*** Raw data ***

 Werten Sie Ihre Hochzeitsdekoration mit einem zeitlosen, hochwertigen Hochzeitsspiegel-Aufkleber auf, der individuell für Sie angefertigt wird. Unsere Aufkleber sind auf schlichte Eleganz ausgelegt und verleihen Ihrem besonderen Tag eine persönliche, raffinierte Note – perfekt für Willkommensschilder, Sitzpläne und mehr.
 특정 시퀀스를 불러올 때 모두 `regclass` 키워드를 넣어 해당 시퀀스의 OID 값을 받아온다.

*** End of Raw data ***
*** Raw data ***

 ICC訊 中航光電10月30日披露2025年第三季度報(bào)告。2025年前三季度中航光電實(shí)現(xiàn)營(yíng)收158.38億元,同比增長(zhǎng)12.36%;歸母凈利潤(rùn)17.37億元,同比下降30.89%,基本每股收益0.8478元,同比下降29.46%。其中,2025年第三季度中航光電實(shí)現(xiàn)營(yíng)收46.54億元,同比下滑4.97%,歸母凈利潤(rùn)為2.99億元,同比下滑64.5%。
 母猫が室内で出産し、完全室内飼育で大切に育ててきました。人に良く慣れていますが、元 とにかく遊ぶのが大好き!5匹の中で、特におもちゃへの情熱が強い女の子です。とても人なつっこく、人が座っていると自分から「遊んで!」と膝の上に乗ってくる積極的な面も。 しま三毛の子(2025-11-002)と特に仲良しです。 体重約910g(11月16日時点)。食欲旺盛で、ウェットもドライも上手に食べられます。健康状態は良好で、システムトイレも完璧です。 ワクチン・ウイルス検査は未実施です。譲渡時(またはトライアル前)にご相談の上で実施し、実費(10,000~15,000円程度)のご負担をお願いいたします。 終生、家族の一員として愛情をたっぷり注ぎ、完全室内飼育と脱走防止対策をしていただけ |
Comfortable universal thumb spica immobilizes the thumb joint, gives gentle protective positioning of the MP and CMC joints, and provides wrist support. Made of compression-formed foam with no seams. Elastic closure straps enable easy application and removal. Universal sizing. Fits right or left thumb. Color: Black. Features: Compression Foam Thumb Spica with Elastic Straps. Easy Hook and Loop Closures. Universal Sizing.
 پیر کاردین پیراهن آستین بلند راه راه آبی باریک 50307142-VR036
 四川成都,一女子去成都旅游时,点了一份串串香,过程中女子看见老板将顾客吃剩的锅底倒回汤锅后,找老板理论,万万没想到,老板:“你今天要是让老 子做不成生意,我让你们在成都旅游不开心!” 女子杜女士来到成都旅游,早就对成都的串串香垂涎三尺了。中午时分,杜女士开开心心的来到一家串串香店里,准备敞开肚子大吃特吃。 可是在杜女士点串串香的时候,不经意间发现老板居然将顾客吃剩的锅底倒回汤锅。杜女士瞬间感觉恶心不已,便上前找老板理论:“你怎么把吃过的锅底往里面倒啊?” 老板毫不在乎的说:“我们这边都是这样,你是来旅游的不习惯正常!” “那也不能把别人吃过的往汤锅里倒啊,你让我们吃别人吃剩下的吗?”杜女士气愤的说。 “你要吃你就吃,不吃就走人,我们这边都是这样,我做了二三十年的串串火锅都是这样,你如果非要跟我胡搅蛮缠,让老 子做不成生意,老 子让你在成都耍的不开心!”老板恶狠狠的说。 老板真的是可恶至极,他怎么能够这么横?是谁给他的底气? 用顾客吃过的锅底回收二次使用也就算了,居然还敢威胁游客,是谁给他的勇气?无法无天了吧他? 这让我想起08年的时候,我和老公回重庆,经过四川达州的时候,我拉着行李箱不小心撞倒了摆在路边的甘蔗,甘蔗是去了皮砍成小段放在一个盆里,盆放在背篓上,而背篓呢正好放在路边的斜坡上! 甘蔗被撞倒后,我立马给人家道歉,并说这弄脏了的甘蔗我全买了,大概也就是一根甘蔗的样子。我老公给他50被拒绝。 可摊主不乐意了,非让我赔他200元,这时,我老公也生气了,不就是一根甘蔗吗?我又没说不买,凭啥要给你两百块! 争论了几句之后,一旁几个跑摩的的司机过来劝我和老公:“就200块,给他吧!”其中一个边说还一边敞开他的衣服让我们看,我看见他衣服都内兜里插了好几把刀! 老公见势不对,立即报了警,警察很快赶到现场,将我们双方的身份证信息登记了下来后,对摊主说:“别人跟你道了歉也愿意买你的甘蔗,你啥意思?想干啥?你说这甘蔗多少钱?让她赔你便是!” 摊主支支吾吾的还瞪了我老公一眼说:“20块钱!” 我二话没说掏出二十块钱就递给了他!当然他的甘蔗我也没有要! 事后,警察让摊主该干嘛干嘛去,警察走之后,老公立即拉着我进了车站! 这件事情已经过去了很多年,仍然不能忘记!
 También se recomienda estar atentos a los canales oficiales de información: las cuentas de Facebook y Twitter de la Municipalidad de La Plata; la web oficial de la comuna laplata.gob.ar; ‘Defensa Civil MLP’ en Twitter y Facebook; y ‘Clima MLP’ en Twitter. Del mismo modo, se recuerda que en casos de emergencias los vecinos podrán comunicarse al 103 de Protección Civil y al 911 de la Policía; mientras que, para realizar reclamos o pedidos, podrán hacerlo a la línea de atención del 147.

*** End of Raw data ***

# Work task:
Of the entries listed above, reproduce only the lines starting at the line containing "Werten Sie Ihre" and ending at the line containing "특정 시퀀스를 불러올". Include both, exactly as they stand.

# Solution:
 Werten Sie Ihre Hochzeitsdekoration mit einem zeitlosen, hochwertigen Hochzeitsspiegel-Aufkleber auf, der individuell für Sie angefertigt wird. Unsere Aufkleber sind auf schlichte Eleganz ausgelegt und verleihen Ihrem besonderen Tag eine persönliche, raffinierte Note – perfekt für Willkommensschilder, Sitzpläne und mehr.
 특정 시퀀스를 불러올 때 모두 `regclass` 키워드를 넣어 해당 시퀀스의 OID 값을 받아온다.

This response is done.